Lactate, pyruvate, alanine, threonine, glycine and aspartate concentrations were all significantly higher in patients than controls (^bP < 0.01 in all cases).

Table 4 Results for urea cycle intermediates are shown

	Chemical shift	Cirrhosis	Encephalopathy	Controls
Glutamine	2.46	0.44 ± 0.08b	0.36 ± 0.04b	0.63 ± 0.03
Glutamate	2.36	1.36 ± 0.25d	0.84 ± 0.16a	0.58 ± 0.04
Histidine	7.83	0.16 ± 0.01b	0.18 ± 0.02b	0.36 ± 0.04
Arginine	1.93	0.08 ± 0.01b	0.1 ± 0.01b	0.14 ± 0.02

Glutamine, histidine and arginine concentrations were significantly lower in patients than controls (^bP < 0.01 in all cases). Glutamate concentrations were significantly higher in cirrhotics (^dP < 0.01) compared to controls. It was also significantly increased if we compared encephalopathics with controls (^aP < 0.05).
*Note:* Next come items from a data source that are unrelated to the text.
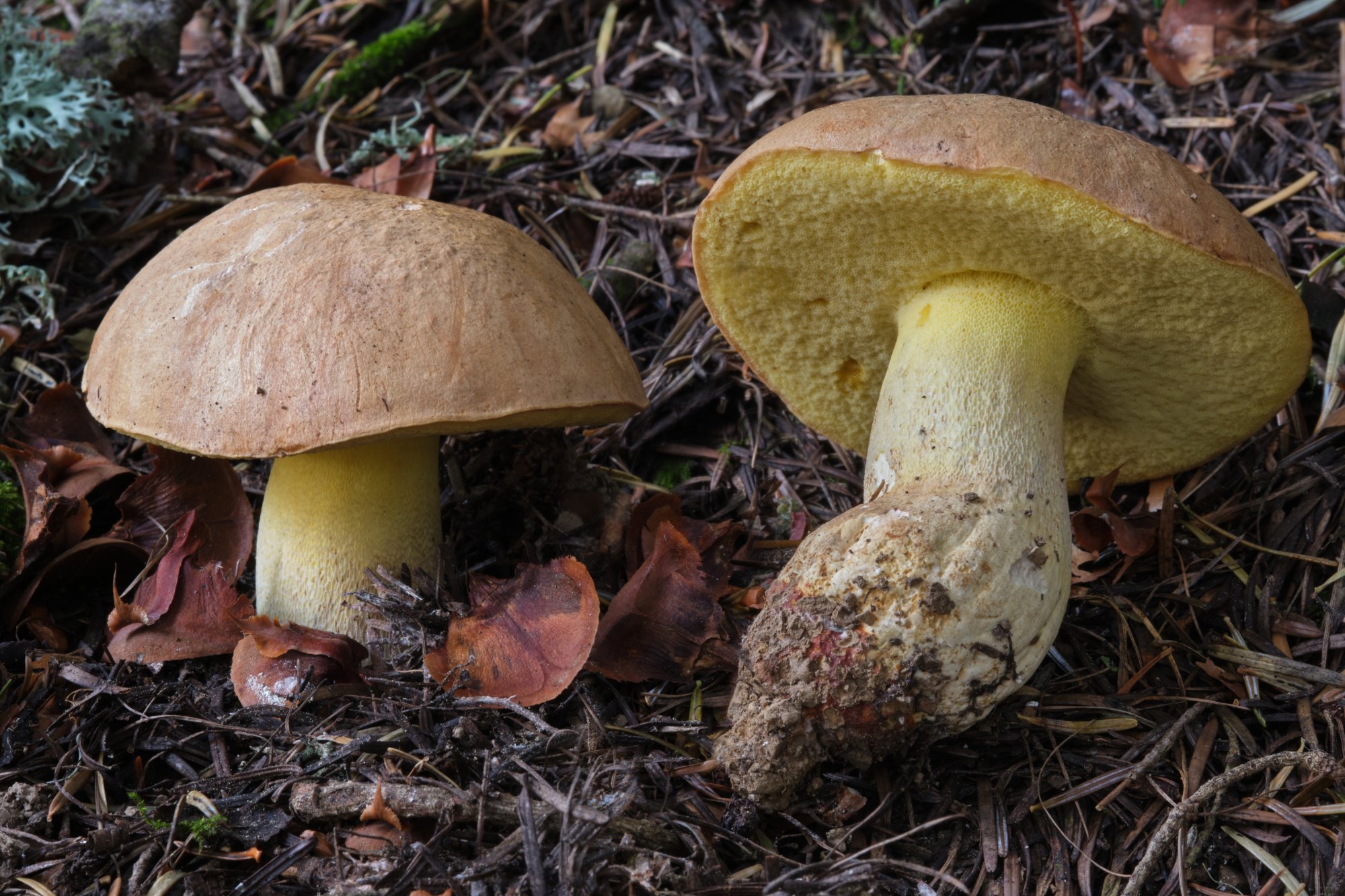 Pour répondre à Ghislaine, je prends les photos avec un objectif 60mm qui m'impose pas mal ce recul par rapport aux champignons, surtout quand ils sont gros. Résultat, faire une photo avec trois gros bolets est un peu plus compliqué qu'avec une autre focale. J'ai donc privilégié deux éléments plutôt que trois. Mais j'ai aussi un cliché équivalent avec la coupe, de mémoire. Je regarde ça dès que possible et je l'ajoute.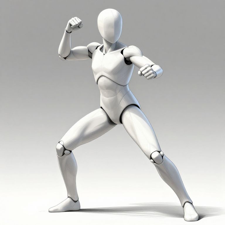 A digital rendering of a white, featureless, humanoid mannequin in a dynamic fighting stance. The mannequin has a smooth, metallic texture with black joints at the elbows, knees, and ankles. It stands with legs apart and one arm raised in a fist, the other arm extended forward. The background is a gradient from light gray at the top to white at the bottom, emphasizing the mannequin's form. The lighting creates subtle shadows, adding depth to the figure's contours. The overall style is minimalist and modern, focusing on the mannequin's pose and structure.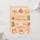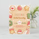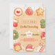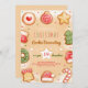 Um convite de festas decorador de biscoitos de Natal. Num fundo de bolachas, os biscoitos decorados com gelo como borbulhas, meias, árvores de Natal, estrelas, sinos e chapéus de santa estão rodeados por farinha e borrifadas verdes e tortas vermelhas. A data do evento é exibida dentro de uma estrela recortada da mistura de cookies.
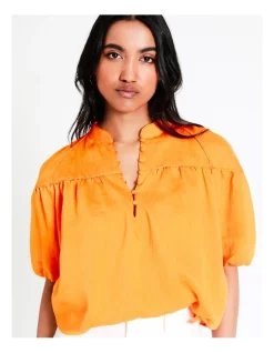 BasqueΒ Β Babydoll Blouse in Orange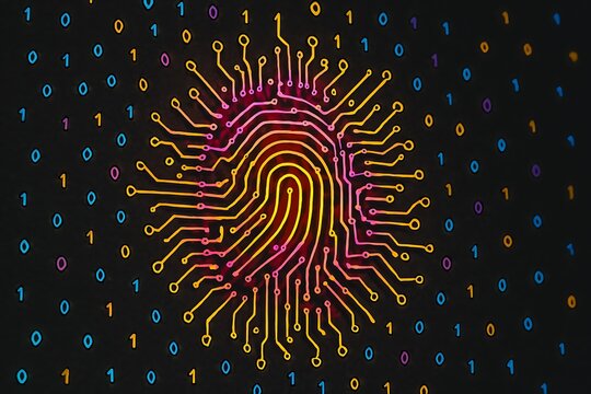 Digital fingerprint concept on futuristic background with glowing lines and binary code representing security and technology

Table 5 Results for amines, glycerol and myo-inositol are shown

	Chemical shift	Cirrhotics	Encephalopathics	Controls
Methylamine	2.54	0.17 ± 0.03	0.19 ± 0.03	0
Dimethylamine	2.72	0.29 ± 0.03	0.31 ± 0.04	0
Tmao	3.27	0.45 ± 0.07	0.51 ± 0.08	0
Glycerol	3.79	0.53 ± 0.09b	0.2 ± 0.02b	0.08 ± 0.02
Myoinositol	3.63	0.37 ± 0.06a	0.19 ± 0.04	0.16 ± 0.03

Methylamine, dimethylamine and TMAO were present in patients and absent in controls. Glycerol concentrations were significantly higher in patients than controls (^bP < 0.01). Myo-inositol concentrations were significantly higher in cirrhotics (^aP < 0.015) but there were no differences between encephalopathics and controls.